Editorial
Higher Education
Lutheran Identity
Pedagogy
Vocation

From the Editor

Intersections No. 2 · Winter 1997

An Invitation

Those of you who read the first issue of INTERSECTIONS and have this one in hand probably recognize a pattern, Both of these first two issues have much the same format: 1) a lead essay previously delivered at a Vocation of Lutheran College Conference and 2) several responses. The question therefore naturally arises, will all issues of INTERSECTIONS look like this? The answer is no, definitely not.

While we plan to devote one issue each year specifically to continuing the dialogue initiated at these conferences, we also intend another issue which is more open-ended, open-textured, and shaped by the kinds of essays, reviews, poems and/or other artwork you, our readers, send us. We’d be particularly interested in getting letters about things we’ve already published, things that may have inspired, puzzled or upset you. The idea is to engender engaged discussion. We hope, in fact, to receive so much good stuff from you to necessitate publishing more than twice a year.
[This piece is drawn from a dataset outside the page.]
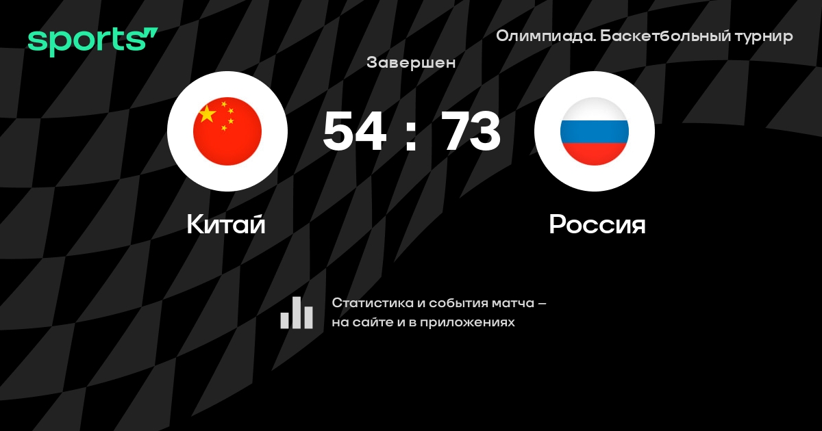 В прошедшем матче в рамках турнира Олимпиада. Баскетбольный турнир (Группа B) состоялась встреча команд Китай - Россия в городе Лондон (Англия) на стадионе Баскетбольная Олимпийская Арена (вместимость - 12000)

We aren’t presently set up to do that, but it would be a nice problem to have.

Thus far a trickle of interesting manuscripts have begun to come in. We are in process of planning an exciting summer issue which will be sent out to your campuses first thing in September. So please write us and share your good work with us and thereby with your fellow faculty / administrators at the other ELCA colleges and universities.

Turning Toward Learning

Every semester I have a class of about 30 seniors read some selections from Aristotle’s Nichomachean Ethics. What they read includes the following sentences: “Learning and study [theoria] seem to be the only activities which are loved primarily for their own sake. For while we derive an advantage from practical pursuits beyond the action itself, from study we derive nothing beyond the activity of learning.” These sentences never fail to draw a response, usually a disbelieving hoot of laughter. But frequently a student will say, “Not only is study useful for other ends, but that’s the only reason that it’s pursued at all. No one would study just for the sake of learning. It’s not like it’s pleasurable or something. If I didn’t think the diploma would get me a job, I wouldn’t be studying at all.” At this point we usually have an interesting discussion about how an otherwise intelligent Hellene like Aristotle could have gotten this so wrong.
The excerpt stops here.